Dog, God, or something

Dogs bark way too much in modern novels, according to an article in Slate. And birds always chirp, but cats never meow (at least, in my own unscientific survey). But what does it all mean? Are we too uncreative in our grounding of scenes, do we overrepresent the canine metaphorically? Do we care? How come no one ever writes about canaries anymore?

I, myself, wish I could keep the swimming pool out of my work.

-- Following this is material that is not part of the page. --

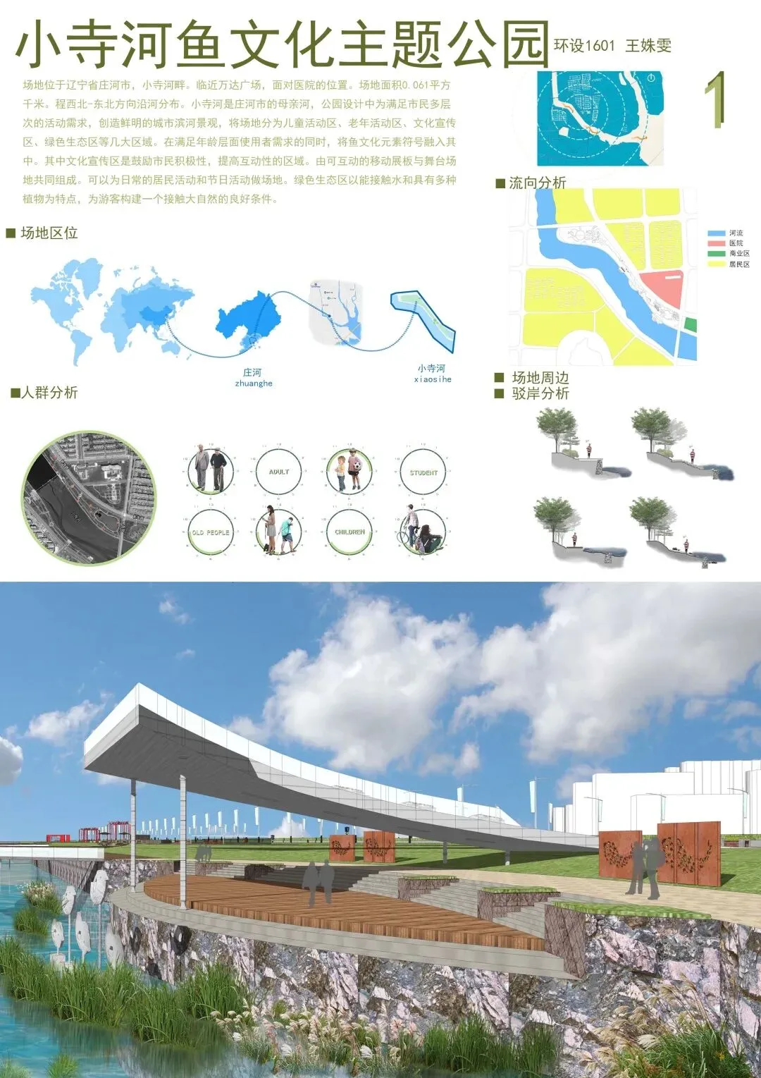 场地位于辽宁省庄河市小寺河畔,临近万达广场,面对医院的位置,场地面积0.061平方千米。呈西北-东北方向沿河分布。小寺河是庄河市的母亲河,公园设计中为满足市民多层次的活动需求,创造鲜明的城市滨河景观,将场地分为儿童活动区、老年活动区、文化宣传区、绿色生态区等几大区域。在满足年龄层面使用者需求的同时,将鱼文化元素符号融入其中。其中文化宣传区是鼓励市民积极性,提高互动性的区域。由可互动的移动展板与舞台场地共同组成。可以为日常的居民活动和节日活动做场地。绿色生态区以能接触水和具有多种植物为特点,为游客构建一个接触大自然的良好条件。

I'm working on this novella of flash/wiki entries about a girl, Alex. I don't know what I'm going to do with it, if anything (and I really should be working on my actual novel), but it's been fun to play with. I try to write a flash piece every day for it, although some get sucked into longer things and others get scrapped. Here's today's piece, "Mix Tape":

Mix Tape

Your brother would be Evan Dando if he were a rock star, Alyssa said once after he’d visited Alex at SMC for the weekend.

What about me?

You’d just be Alex.

Alex wants to be someone cool and ethereal, detached, like Lush or My Bloody Valentine or the Cocteau Twins, but, embarrassingly, her heart is the Indigo Girls. If she could be Ricki Lee Jones or Joni Mitchell, not care what other people thought, she would settle for such. But her clothes are too store-bought. She can’t stand the smell of the co-op. She still cries no matter how many times she’s seen ET, when the flower is dead, even though she knows ET will live. She still believes everything she is told.

How did you turn out so well-adjusted? Her mother asks her years later, after her father moves in with Steve, Nathan disappears in LA.

Indigo Girls, she says. Her mother pretends not to hear her, or maybe she really doesn’t. Her eyes are looking out the window, far beyond the trees.